– Сколько тебе за них? – спросил Таш-бек.
Бегич взглянул в лицо воина. Побагровев и тотчас побледнев, тот ответил:
– Я поймал их днем. Теперь ночь. И я их не тронул. Надо заплатить хорошо.
Он взял их днем в горящей деревне, среди сутолоки набега, когда трещали двери, пылало дерево, вопили люди. Он их застал, спрятавшихся в малиннике. Они онемели от ужаса, когда он, разгоряченный, выскакал на беснующейся лошади. Он схватил их за косы, намотал косы на руку и поволок к дороге. Но каково было ему! Бедняк, он не имел жен, он с отвращением поддавался похоти на стоянках, когда воины жались к воинам. Если б попалась одна, он бы теперь уже знал свое дело. Но другая могла уйти, пока он возился бы с первой. Упустить одну ради соблазнов другой? Но две девушки стоят дорого – это большая добыча. Одна же женщина стоит совсем мало. В этом набеге он оказался богаче всех. Он вел пленниц и терзался. И никак не мог решиться. В нем боролись страсть и корысть. Особенно тяжело стало к вечеру, пока не пришла наконец усталость. Они долго брели, пока добрались до войска. Теперь ему дадут цену и отберут добычу. Воин подавил в себе ревность к Каверге, чтобы скорей получить цену.
Но приподнялся Бегич:
– Кто послал тебя жечь деревню?
– Я сам десятник.
– Возьми мою цепу, чтоб не забывать, что меня зовут Бегичем.
И тотчас плеть Бегича сверкнула по лицу всадника, кровь хлынула пеной изо рта. И не успел еще воин ухватиться за лошадь, как его сволокли с седла и увели.
А девушки стояли по-прежнему прямо, ошалелые от всего, с глазами мутными и неподвижными.
Бегич велел отвести их. Они не принадлежали больше никому. Сотник отвел пленниц к женским юртам, заказав беречь пуще глаза:
– Бегичевы!
Хази-бей переглянулся с друзьями:
– Там, где всякий видит доблесть, следует награждать, а не бить.
– Я приказал не зажигать костров. Их зажгли. Я приказал идти в тишине. Они спалили деревню и пустили впереди нас жителей с вестью о месте, где мы находимся. Мертвая пустыня кончилась. Начались жилища. Мы подошли к местам, где надо идти молча.
– Тысячу ворон отгонит и один комок глины! – ответил Хази-бей и посмотрел на друзей: хорошо ли сказал?
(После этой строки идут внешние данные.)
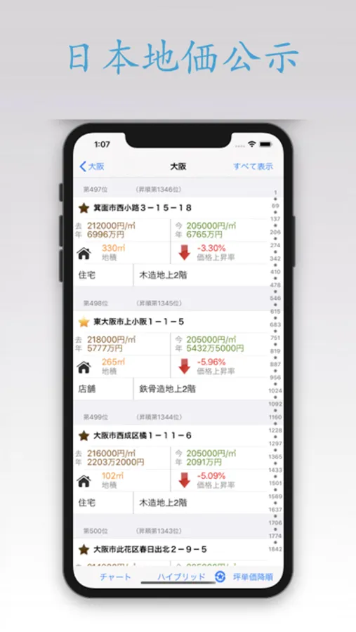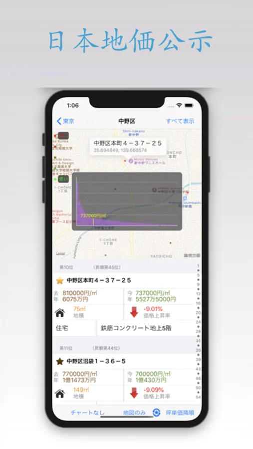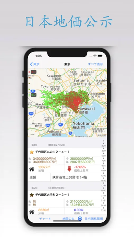 「五十音順」、「坪単価順」、「地積順」、「住宅価格順」或は「価格上昇率順」で地価をランキングして、「ラインチャート」を表示できる。

Он бы не унизился говорить пословицами, но низменной башке Бегича они понятнее высокого разговора.
Бегич понял их перегляд и, сплюнув от гнева, крикнул:
– Если ворона, кидаясь на льва, знает, где у него когти, она выклюет льву глаза. Но если лев, идя на ворону, считает ее за щенка, он ее упустит. Поняли? Спрашиваю: поняли? Приказываю: собираться сейчас же, поднимать воинов. Как только забрезжит свет, пойдем вперед, к головным отрядам. Обозы оставить позади. Нам ждать их некогда. Мы подошли!
Он вскочил, нечаянно наступив на блюдо, и баранина вывалилась на ковер, забрызгав жиром халат Хази-бея.
Бегич ушел.
Хази-бей гневно сказал:
– Дикарь! Дикий осел!
– Поговорим, когда вернемся в Орду. Мне надоело это деревянное седло, на нем стало твердо ездить, – ответил Карагалук.
Теперь Бегич шел по поднимающемуся лагерю. Никто не мог понять внезапной тревоги: ниоткуда не слышалось ни криков, ни толчеи.
Бегич всегда давал хороший отдых и людям, и лошадям. Теперь отдохнули плохо. Бегич тоже был недоволен собой: он любил вести сытых и выспавшихся.
Ждали рассвета, чтобы разобрать оружие из телег. Рассвет начался туманом, и невозможно было видеть ничего даже возле себя.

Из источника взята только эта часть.